Start of Available records
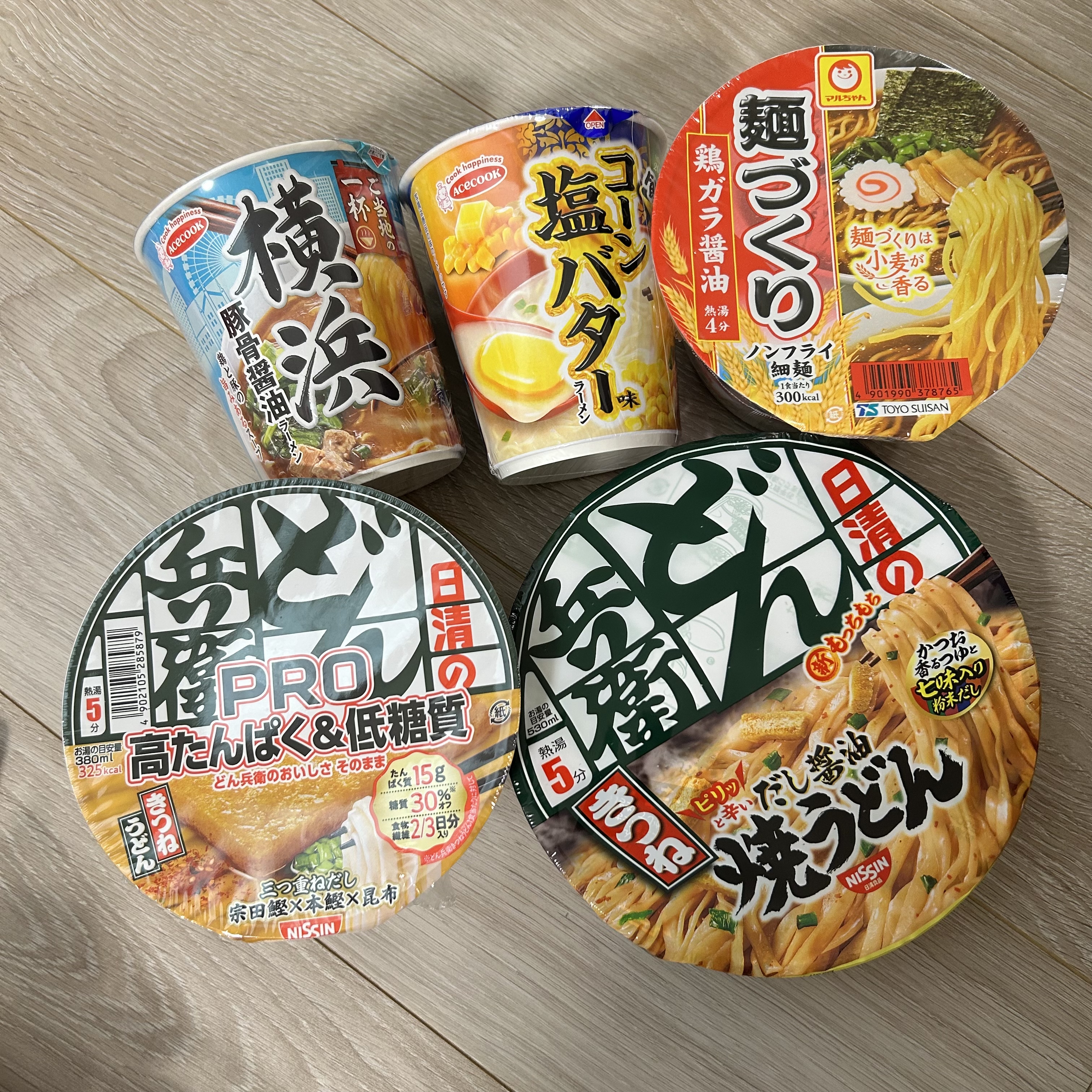 どん兵衛シリーズが2個入っているだけでもテンション上がるのに、麺づくり、コーン塩バターラーメン、横浜豚骨醤油と計5つも。
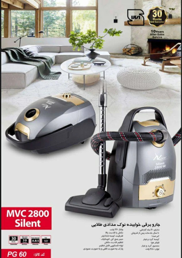 متاسفانه این کالا در حال حاضر موجود نیست. میتوانید از طریق لیست بالای صفحه، از محصولات مشابه این کالا دیدن نمایید.جاروی برقی نیاک مدل MCV2800 یک دستگاه جارو برقی با طراحی مدرن و عملکرد قدرتمند است. این دستگاه به شما کمک میکند تا به راحتی گرد و غبار و آلودگیها را از روی سطوح مختلف پاک کنید. مشخصات این جارو برقی شامل قابلیت مکش بالا، فیلتر HEPA برای جلوگیری از انتشار گرد و غبار، وزن سبک و طراحی ارگونومیک برای استفاده آسان است. همچنین، این دستگاه معمولاً با لوازم جانبی مختلفی ارائه میشود تا بتوانید نیازهای مختلف تمیزکاری خود را برطرف کنید.
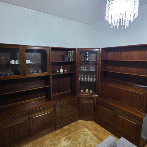 Den är uppbyggd i totalt sex delar som går att plocka isär. Tre bottendelar med skåp och lådor, två överdelar med bokhyllor och en överdel med vitrinskåp.
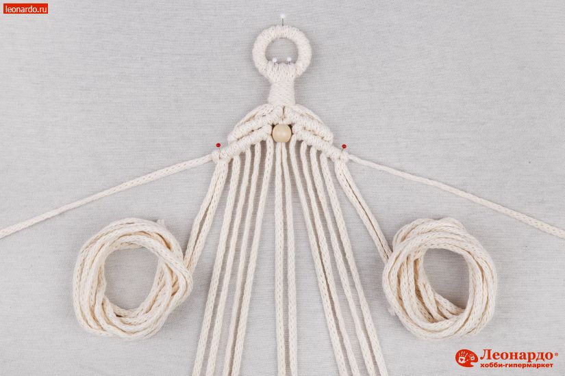 16. Из мотка пряжи дополнительно нарезаем шнур длиной 330 см. Шнур складываем пополам и подводим под основу (пятая нить) петлёй вверх. Опускаем петлю на основу вниз и пропускаем в неё два конца нити, как показано на фотографии.
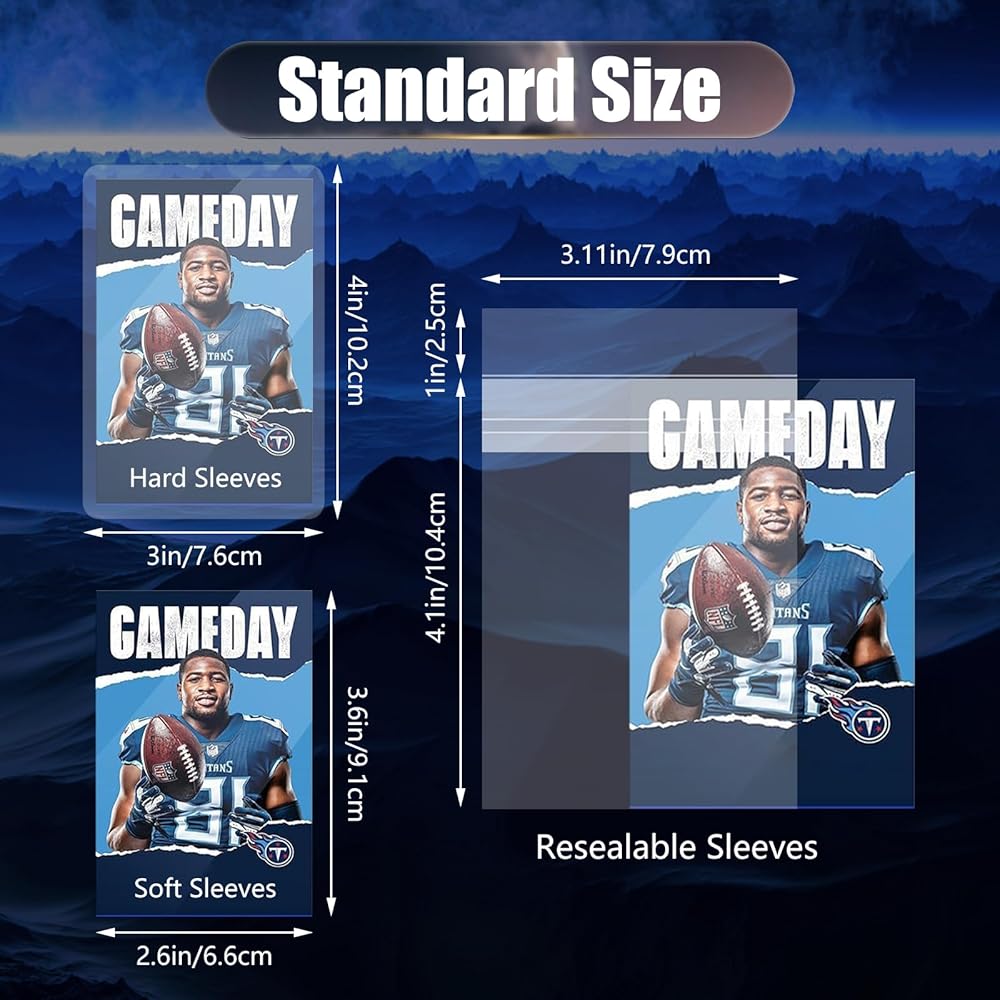 ✅حجم مثالي: محمل علوي للبطاقات بأبعاد خارجية 7.62 سم × 10.16 سم، وأبعاد الأكمام الناعمة 6.35 سم × 8.89 سم، وهي مصممة لتناسب تمامًا بطاقات التداول ذات الحجم القياسي، لذلك يمكنك التأكد من أن بطاقاتك ستبقى آمنة ومحمية.
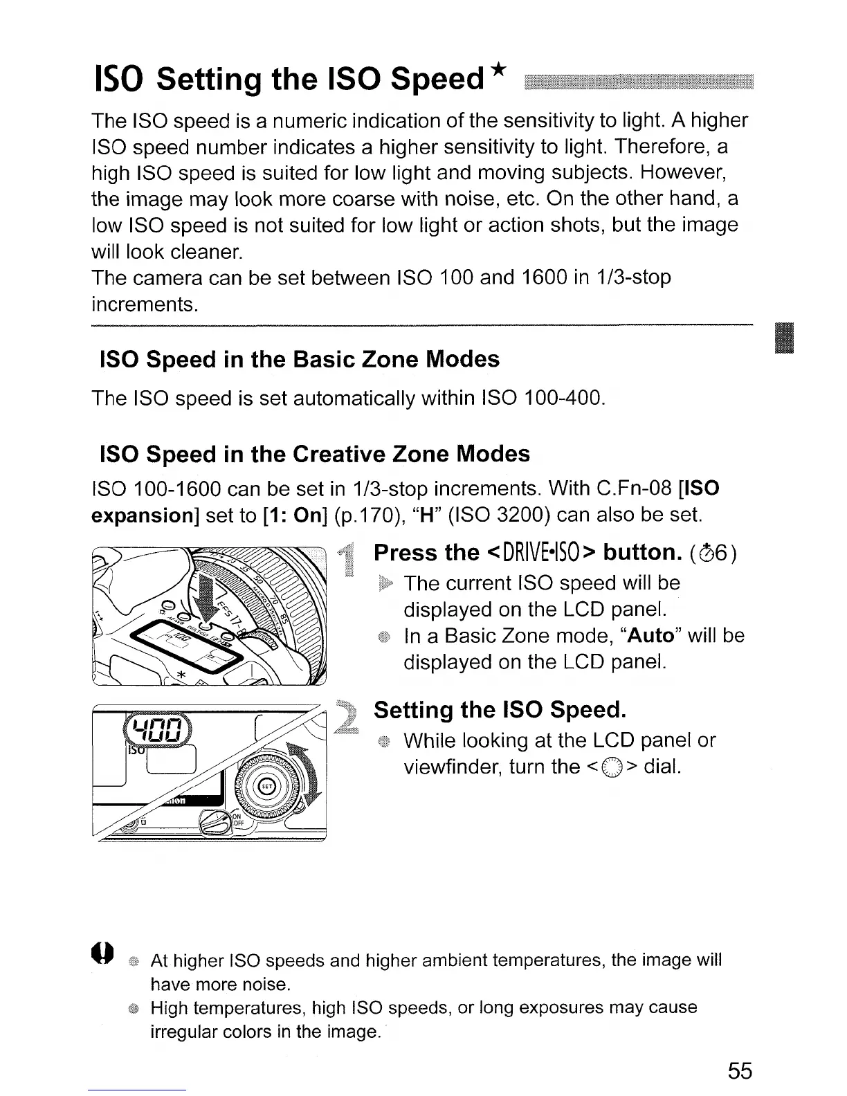 At higher ISO speeds and higher ambient temperatures, the image will
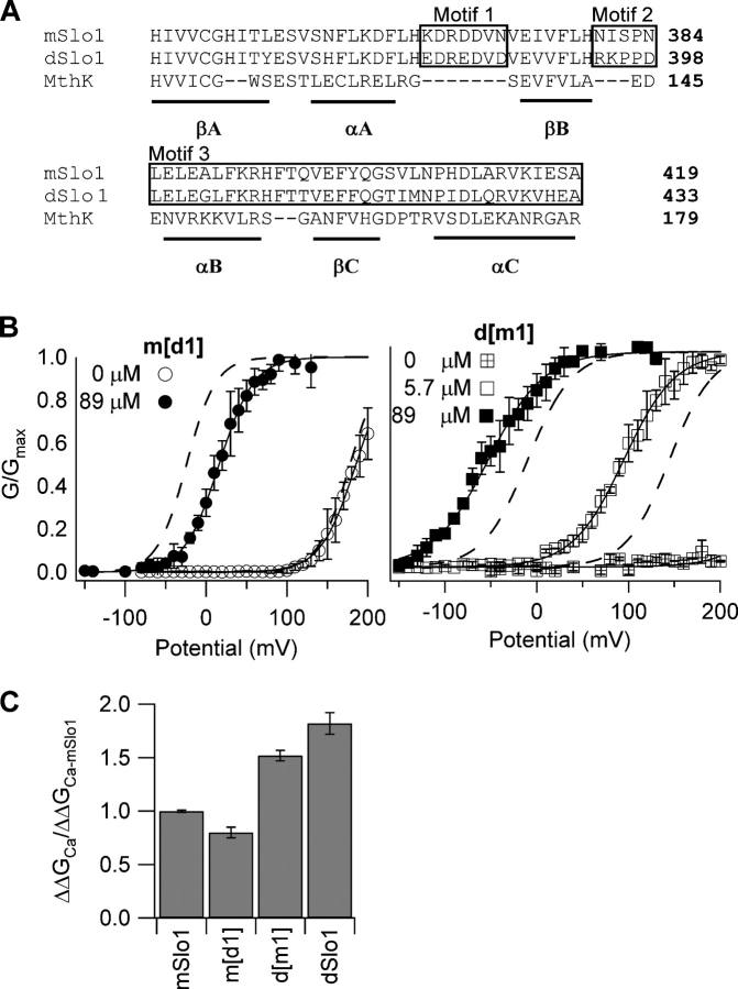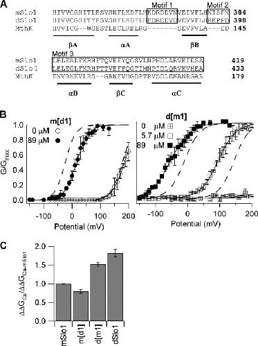 Figure 6. Ca2+ sensitivity change is not related to the Ca2+ binding site in the AC region. (A) Sequence alignment of the AC region of the RCK1 domain (Jiang et al., 2002a) from mSlo1 (Butler et al., 1993), dSlo1 (Adelman et al., 1992), and the archeon MthK (Jiang et al., 2002a). Numbers indicate the position of the rightmost residues in the primary sequence of respective proteins. Secondary structures βA-C and αA-C are indicated by underlines. Boxed amino acids labeled as motifs 1, 2, and 3 are regions showing significant sequence differences between mSlo1 and dSlo1. Motif 1 is important for Ca2+-dependent activation (Shi et al., 2002; Xia et al., 2002). Effects of switching motif 1 between mSlo1 and dSlo1 are shown in B and C. (B, left) Steady-state G-V relations of the mutant channel m[d1] (motif 1 from dSlo1 in the mSlo1 background). Solid lines are fits of the Boltzmann equation with the following parameters: at 0 [Ca2+]i, V1/2 = 185 mV, z = 1.2; at 89 μM [Ca2+]i, V1/2 = 15.9 mV, and z = 1.2. Dotted lines are G-V relations of mSlo1. (B, right) Steady-state G-V relations of the mutant channel d[m1] (motif 1 from mSlo1 in the dSlo1 background). Solid lines are fits of the Boltzmann equation with the following parameters: at 89 μM [Ca2+]i, V1/2 = −52.5 mV, z = 0.83; at 5.7 μM [Ca2+]i, V1/2 = 95.1 mV and z = 0.89; at 0 [Ca2+]i, the G-V relation was too right shifted for z and V1/2 values to be determined. Dotted lines are G-V relations of dSlo1. (C) Free energy of activation provided by Ca2+ binding in mSlo1, d[m1], m[d1], and dSlo1 when [Ca2+]i increased from 0 to 89 μM (for m[d1]) and from 5.7 to 89 μM (for d[m1] and dSlo1), normalized against corresponding free energy values for mSlo1.
End of Available records
None of the pictures should appear; repeat the records exactly otherwise.

■ Exercise result:
 どん兵衛シリーズが2個入っているだけでもテンション上がるのに、麺づくり、コーン塩バターラーメン、横浜豚骨醤油と計5つも。
 متاسفانه این کالا در حال حاضر موجود نیست. میتوانید از طریق لیست بالای صفحه، از محصولات مشابه این کالا دیدن نمایید.جاروی برقی نیاک مدل MCV2800 یک دستگاه جارو برقی با طراحی مدرن و عملکرد قدرتمند است. این دستگاه به شما کمک میکند تا به راحتی گرد و غبار و آلودگیها را از روی سطوح مختلف پاک کنید. مشخصات این جارو برقی شامل قابلیت مکش بالا، فیلتر HEPA برای جلوگیری از انتشار گرد و غبار، وزن سبک و طراحی ارگونومیک برای استفاده آسان است. همچنین، این دستگاه معمولاً با لوازم جانبی مختلفی ارائه میشود تا بتوانید نیازهای مختلف تمیزکاری خود را برطرف کنید.
 Den är uppbyggd i totalt sex delar som går att plocka isär. Tre bottendelar med skåp och lådor, två överdelar med bokhyllor och en överdel med vitrinskåp.
 16. Из мотка пряжи дополнительно нарезаем шнур длиной 330 см. Шнур складываем пополам и подводим под основу (пятая нить) петлёй вверх. Опускаем петлю на основу вниз и пропускаем в неё два конца нити, как показано на фотографии.
 ✅حجم مثالي: محمل علوي للبطاقات بأبعاد خارجية 7.62 سم × 10.16 سم، وأبعاد الأكمام الناعمة 6.35 سم × 8.89 سم، وهي مصممة لتناسب تمامًا بطاقات التداول ذات الحجم القياسي، لذلك يمكنك التأكد من أن بطاقاتك ستبقى آمنة ومحمية.
 At higher ISO speeds and higher ambient temperatures, the image will
 Figure 6. Ca2+ sensitivity change is not related to the Ca2+ binding site in the AC region. (A) Sequence alignment of the AC region of the RCK1 domain (Jiang et al., 2002a) from mSlo1 (Butler et al., 1993), dSlo1 (Adelman et al., 1992), and the archeon MthK (Jiang et al., 2002a). Numbers indicate the position of the rightmost residues in the primary sequence of respective proteins. Secondary structures βA-C and αA-C are indicated by underlines. Boxed amino acids labeled as motifs 1, 2, and 3 are regions showing significant sequence differences between mSlo1 and dSlo1. Motif 1 is important for Ca2+-dependent activation (Shi et al., 2002; Xia et al., 2002). Effects of switching motif 1 between mSlo1 and dSlo1 are shown in B and C. (B, left) Steady-state G-V relations of the mutant channel m[d1] (motif 1 from dSlo1 in the mSlo1 background). Solid lines are fits of the Boltzmann equation with the following parameters: at 0 [Ca2+]i, V1/2 = 185 mV, z = 1.2; at 89 μM [Ca2+]i, V1/2 = 15.9 mV, and z = 1.2. Dotted lines are G-V relations of mSlo1. (B, right) Steady-state G-V relations of the mutant channel d[m1] (motif 1 from mSlo1 in the dSlo1 background). Solid lines are fits of the Boltzmann equation with the following parameters: at 89 μM [Ca2+]i, V1/2 = −52.5 mV, z = 0.83; at 5.7 μM [Ca2+]i, V1/2 = 95.1 mV and z = 0.89; at 0 [Ca2+]i, the G-V relation was too right shifted for z and V1/2 values to be determined. Dotted lines are G-V relations of dSlo1. (C) Free energy of activation provided by Ca2+ binding in mSlo1, d[m1], m[d1], and dSlo1 when [Ca2+]i increased from 0 to 89 μM (for m[d1]) and from 5.7 to 89 μM (for d[m1] and dSlo1), normalized against corresponding free energy values for mSlo1.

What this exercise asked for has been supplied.